* WHAT IS NEEDED:
Your task is to repeat the entries below exactly and to leave their images out.

Source data:
*-*-*

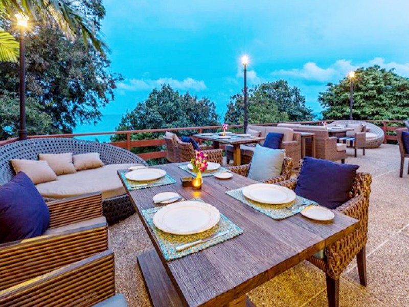 Top Of The Reef Restaurant at Cape Panwa Hotel offers elegant dining with panoramic views of Cape Panwa and the Andaman Sea. Guests can enjoy French, seafood, and steak dishes in a romantic atmosphere with live music, both indoors and on the outdoor terrace.
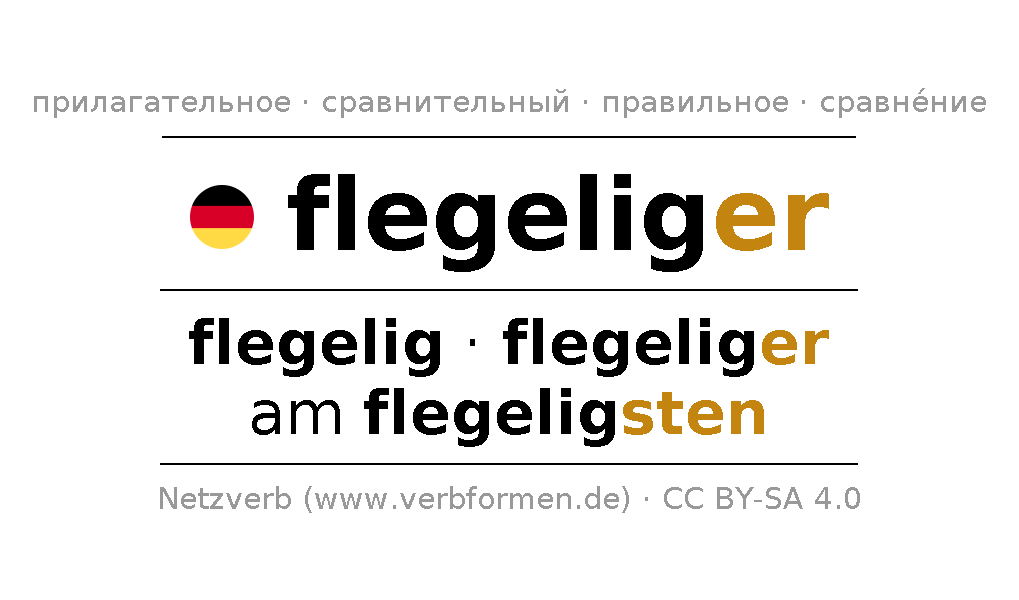 Склонение и степени сравнения flegeliger онлайн в виде таблиц, содержащих все формы сильного, слабого и смешанного склонений. Для наглядности они сведены в одну общую таблицу, в которой представлены формы единственного (Singular) и множественного (Plural) числа всех четырёх падежей: именительного (номинатив или 1-й падеж - кто? что?), родительного (генитив или 2-й падеж - кого? чего? чей?), дательного (датив или 3-й падеж - кому? чему?) и винительного (аккузатив или 4-й падеж - кого? что?). Более подробную информацию Вы найдёте на ... викисловаря ... и на ... в Дудене.
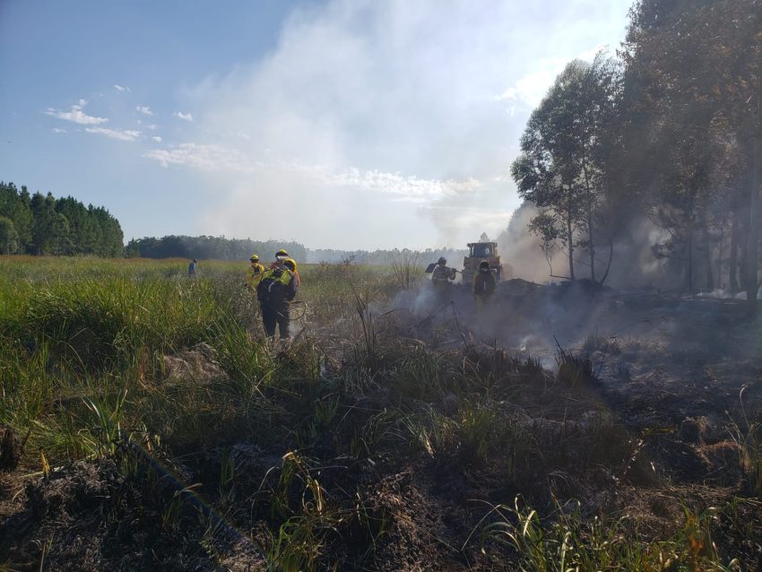 Desde el lugar, informaron que los incendios en dicho municipio “están contenidos, pero todavía no pudieron ser controlados”. Asimismo, estiman que hasta el momento la superficie afectada es de 300 hectáreas entre plantación y esteros.
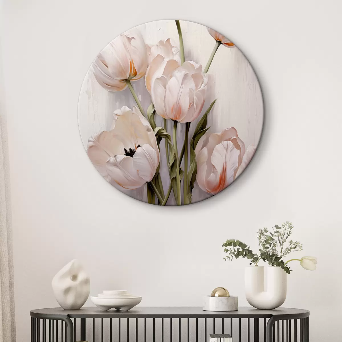 Ronde schilderijen Witte tulpen op een licht olieverfschilderij als achtergrond Nr r39821
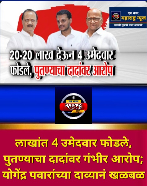 एक नजर महाराष्ट्र न्यूज मुख्य संपादक भीमसेन जाधव बारामती: नगरपालिकामध्ये पुन्हा एकदा राष्ट्रवादी काँग्रेसमधील दोन गटांमध्ये मुख्य लढत पाहायला मिळत आहे. शरद पवारांच्या राष्ट्रवादी काँग्रेसचे नेते योगेंद्र पवारांनी अजित पवारांवर गंभीर आरोप केले आहेत. बारामती नगरपालिकेच्या निवडणुकीत अजित पवारांनी त्यांचे चार उमेदवार 20-20 लाख रुपये देऊन फोडले आणि त्यांना माघार घ्यायला लावली, असे योगेंद्र पवार म्हणाले नगरपालिकेच्या एकूण 41 जागा आहेत, त्यापैकी अजित पवारांच्या राष्ट्रवादीचे आठ उमेदवार बिनविरोध निवडून आले आहेत. उर्वरित 33 जागांवर मतदान होणार आहे. याच आठ बिनविरोध जागांपैकी चार जागांवर शरद पवारांच्या राष्ट्रवादीच्या उमेदवारांना 20-20 लाख रुपये देऊन माघार घ्यायला लावल्याचाआरोप योगेंद्र पवारांनी केला आहे. दुसरीकडे, अजित पवारांच्या गोटातून या आरोपांना “अफवा” संबोधून, बारामतीकरांचा योगेंद्र पवारांवर विश्वास नसल्याचे म्हटले जात आहे. ही निवडणूक विकासाची असल्याचे अजित पवारांनी स्पष्ट केले आहे.
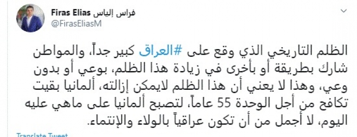 وأضاف: "ألمانيا بقيت تكافح من أجل الوحدة 55 عاماً، لتصبح ألمانيا على ماهي عليه اليوم، لا أجمل من أن تكون عراقياً بالولاء والإنتماء".
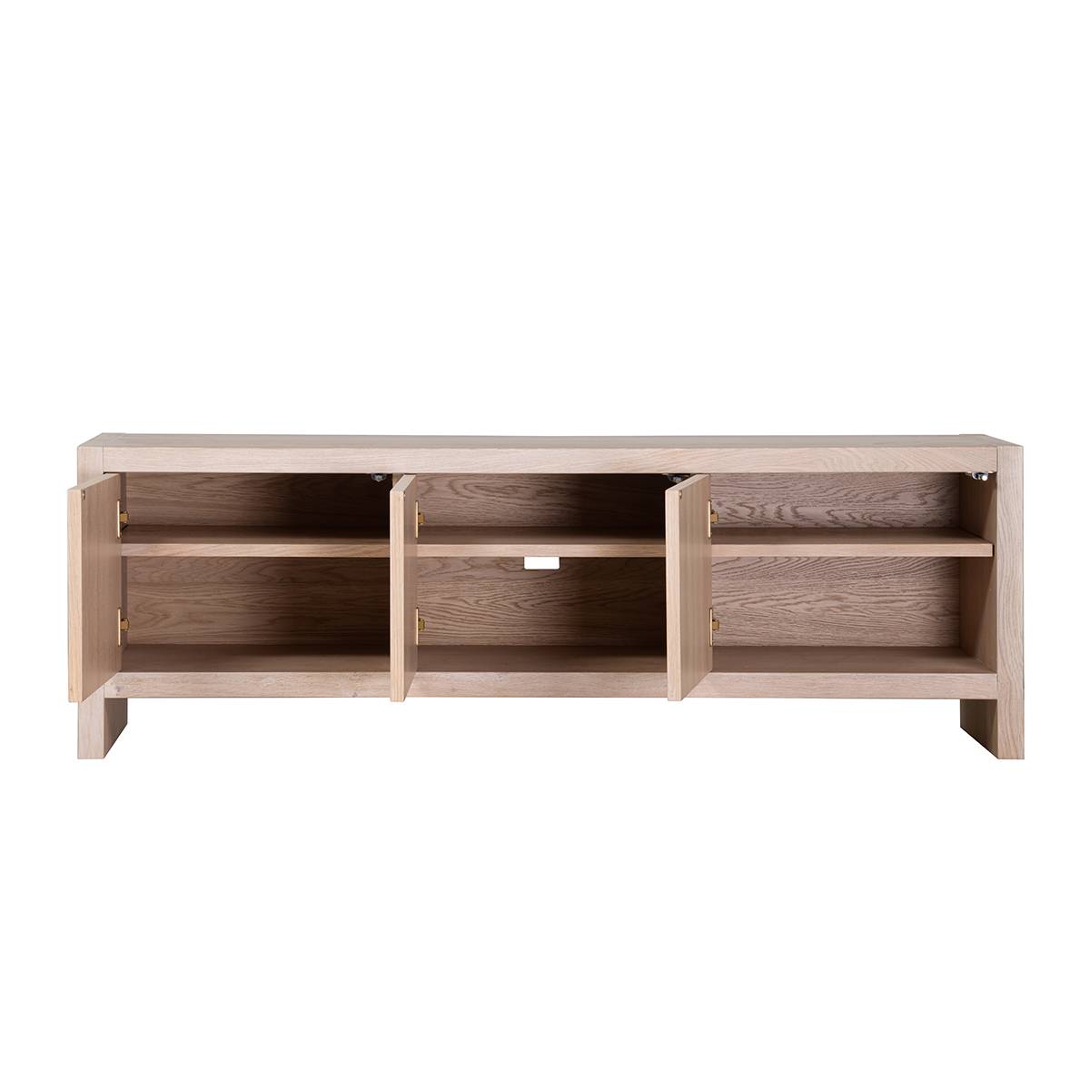 TV-benken fra den elegante møbelserie Mood er laget av finert eik og kombinerer funksjonalitet med stilrent design. Den er utstyrt med tre skapdører og en justerbar hylle på innsiden, som gir fleksibel og praktisk oppbevaringsplass. Serien Mood har et moderne, men tidløst uttrykk som passer sømløst inn i både klassiske og mer moderne hjem, og gjør det enkelt å skape en helhetlig og personlig innredning.

*-*-*

* SOLUTION FOR THIS EXERCISE:
 Top Of The Reef Restaurant at Cape Panwa Hotel offers elegant dining with panoramic views of Cape Panwa and the Andaman Sea. Guests can enjoy French, seafood, and steak dishes in a romantic atmosphere with live music, both indoors and on the outdoor terrace.
 Склонение и степени сравнения flegeliger онлайн в виде таблиц, содержащих все формы сильного, слабого и смешанного склонений. Для наглядности они сведены в одну общую таблицу, в которой представлены формы единственного (Singular) и множественного (Plural) числа всех четырёх падежей: именительного (номинатив или 1-й падеж - кто? что?), родительного (генитив или 2-й падеж - кого? чего? чей?), дательного (датив или 3-й падеж - кому? чему?) и винительного (аккузатив или 4-й падеж - кого? что?). Более подробную информацию Вы найдёте на ... викисловаря ... и на ... в Дудене.
 Desde el lugar, informaron que los incendios en dicho municipio “están contenidos, pero todavía no pudieron ser controlados”. Asimismo, estiman que hasta el momento la superficie afectada es de 300 hectáreas entre plantación y esteros.
 Ronde schilderijen Witte tulpen op een licht olieverfschilderij als achtergrond Nr r39821
 एक नजर महाराष्ट्र न्यूज मुख्य संपादक भीमसेन जाधव बारामती: नगरपालिकामध्ये पुन्हा एकदा राष्ट्रवादी काँग्रेसमधील दोन गटांमध्ये मुख्य लढत पाहायला मिळत आहे. शरद पवारांच्या राष्ट्रवादी काँग्रेसचे नेते योगेंद्र पवारांनी अजित पवारांवर गंभीर आरोप केले आहेत. बारामती नगरपालिकेच्या निवडणुकीत अजित पवारांनी त्यांचे चार उमेदवार 20-20 लाख रुपये देऊन फोडले आणि त्यांना माघार घ्यायला लावली, असे योगेंद्र पवार म्हणाले नगरपालिकेच्या एकूण 41 जागा आहेत, त्यापैकी अजित पवारांच्या राष्ट्रवादीचे आठ उमेदवार बिनविरोध निवडून आले आहेत. उर्वरित 33 जागांवर मतदान होणार आहे. याच आठ बिनविरोध जागांपैकी चार जागांवर शरद पवारांच्या राष्ट्रवादीच्या उमेदवारांना 20-20 लाख रुपये देऊन माघार घ्यायला लावल्याचाआरोप योगेंद्र पवारांनी केला आहे. दुसरीकडे, अजित पवारांच्या गोटातून या आरोपांना “अफवा” संबोधून, बारामतीकरांचा योगेंद्र पवारांवर विश्वास नसल्याचे म्हटले जात आहे. ही निवडणूक विकासाची असल्याचे अजित पवारांनी स्पष्ट केले आहे.
 وأضاف: "ألمانيا بقيت تكافح من أجل الوحدة 55 عاماً، لتصبح ألمانيا على ماهي عليه اليوم، لا أجمل من أن تكون عراقياً بالولاء والإنتماء".
 TV-benken fra den elegante møbelserie Mood er laget av finert eik og kombinerer funksjonalitet med stilrent design. Den er utstyrt med tre skapdører og en justerbar hylle på innsiden, som gir fleksibel og praktisk oppbevaringsplass. Serien Mood har et moderne, men tidløst uttrykk som passer sømløst inn i både klassiske og mer moderne hjem, og gjør det enkelt å skape en helhetlig og personlig innredning.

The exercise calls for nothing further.